Tim Ashley 

Venus with a violin

Secret Passions is the title of the Orchestra of the Age of Enlightenment's new series of concerts, which runs from now until the end of May on London's South Bank. The subtitle - Alter Egos and Personal Obsessions - is even more eye-catchingly dramatic, though quite what this ballyhoo signifies is something of a mystery. The emphasis is seemingly on an impressive line-up of soloists performing works which hitherto haven't formed a notable part of their repertoires.
  
  


Secret Passions is the title of the Orchestra of the Age of Enlightenment's new series of concerts, which runs from now until the end of May on London's South Bank. The subtitle - Alter Egos and Personal Obsessions - is even more eye-catchingly dramatic, though quite what this ballyhoo signifies is something of a mystery. The emphasis is seemingly on an impressive line-up of soloists performing works which hitherto haven't formed a notable part of their repertoires.

The opening concert featured the Russian-born violinist Viktoria Mullova playing and directing two Mozart concertos. We used not to associate Mullova with Mozart. After this, one suspects, her name will be firmly linked to his.
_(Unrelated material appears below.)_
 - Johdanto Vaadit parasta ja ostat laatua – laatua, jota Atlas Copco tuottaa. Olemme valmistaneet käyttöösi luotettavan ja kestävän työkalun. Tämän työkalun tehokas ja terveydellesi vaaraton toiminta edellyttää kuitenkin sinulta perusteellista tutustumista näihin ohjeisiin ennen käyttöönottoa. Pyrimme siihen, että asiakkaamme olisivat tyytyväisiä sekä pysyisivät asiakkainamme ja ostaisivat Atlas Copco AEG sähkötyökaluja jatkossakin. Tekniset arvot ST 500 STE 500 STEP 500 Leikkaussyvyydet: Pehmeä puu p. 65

An uncompromising artist, bent on chiselling out the dramatic content of a work rather than indulging in glitzy virtuosity, Mullova is as alluring to watch as she is to hear. She swept on looking like some goddess of antiquity (Venus with a violin, perhaps) and proceeded to sculpt the phrases of the Third Concerto with a combination of seraphic radiance and humane beauty. The Third is an essentially operatic work in which the soloist spins out a succession of wordless arias, occasionally joining the orchestra in some wryly funny ensembles that pre-empt The Marriage of Figaro. In the slow movement, Mullova is an angelic diva and the long, tear-inducing melody seems disconnected from the earth, occasionally swooping down to touch it.
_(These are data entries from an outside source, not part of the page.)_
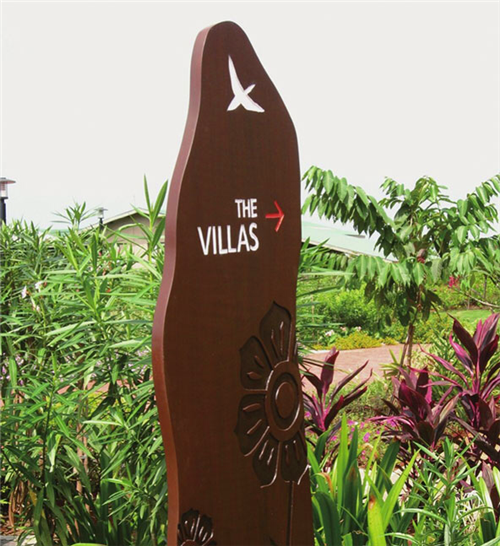 園林景觀是一個戶外開放型的公共空間,從基本特征來看,園林占地面積大、樹木的遮蔽性大、景點比較分散、環(huán)境的可識別性相對弱,游客迫切地需要一個導向明確而簡捷的導視系統(tǒng)。園林景觀的導視系統(tǒng)主要有園林平面圖、場所方位指示和場所標識、科普文化標識、警示標識等。有的公園還配備了導游手冊,主要是將道路、景觀、場所一一標注出來,只要你一進入公園就可以將公園的結(jié)構(gòu)看得一清二楚。在設計時應考慮既不能破壞園林整體氣氛,又可以達到引導、吸引游客的目的。由于范圍廣泛,園林的導視密度相對降低,體量感相對增大,而且導視系統(tǒng)設計風格、色彩統(tǒng)一性,以及形式感都可以相對自由、新穎,給人深刻印象。
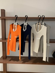 WGWE6853#两件修身长袖针织打底衫+设计感基础百搭挂脖背心套装
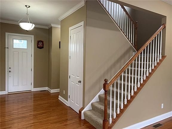 Immaculate Brennan built home built in 2014- with additional OWNERS UPGRADES(after purchasing) since including a full finishedbasement with a full bath, study room with French Doors at a lower level, patio screened with evergreen tall trees, a shed,lawn sprinkler system, upgraded kitchen quartz island, backsplash, and upgraded appliances. Upstairs, all rooms are equippedwith premium lighting, shelves, and ceiling fans. This home is easily accessible with community features, walking trails,a playground, a swimming pool, and a clubhouse. The house features a covered front porch, flat backyard, hardwood floors, 10-footceilings on the main floor, open living room with a formal study. The second floor includes a loft, four bedrooms including aluxurious master bedroom with separate walk-in closets, a master bath with a large soaking tub, stand-in shower, ample storagewith side closets, and scenic views from every window! Close to Highways, restaurants, shopping, and more!

In the Fourth Concerto, she's very different. It opens in territory which suggests imperial formality, its rigidity relentlessly undercut until the work ends in the Dionysian swirl of a jubilant waltz. Galvanising the Orchestra of the Age of Enlightenment into action with an imperious shrug of her shoulders, Mullova is more aggressive here, an Orphic figure whose playing seems to quell the orchestra into rapt submission. The opening flares upwards in a brief blaze of anger. The double-stopped cadenza of the slow movement is inherently bucolic, as if the violinist is finally warming up to lead that last great dance. Mullova is astonishing playing this music, and the orchestra are pretty damn fine, too.
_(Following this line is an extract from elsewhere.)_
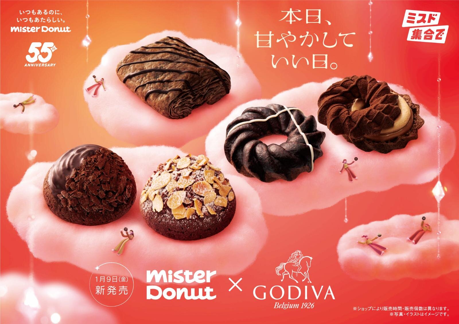 聖誕節假期剛過不久,許多甜點愛好者已經開始期待新年的節日甜點了。這次日本知名的Mister Donut與比利時高級巧克力品牌GODIVA再次攜手合作,將在2026年1月9日至2月中旬期間推出限定的「週年紀念聯名系列」。這次的合作可說是意義非凡,因為Mister Donut即將迎來品牌創立55週年,而GODIVA也將慶祝品牌100週年,兩個重要的里程碑在同一年相會,讓這次的聯名企劃更顯特別。

When Mullova was absent from the platform they were put through their paces by Catherine Mackintosh, directing from the leader's chair. Salieri's overture to La Scuola De' Gelosi burbled with pleasurable glee. Haydn's Passione Symphony is a work which rewrites almost every rule in the musical book in the course of its intense meditation on the Crucifixion. It's rarely been played with such searing density and tragic grandeur as it was on this occasion.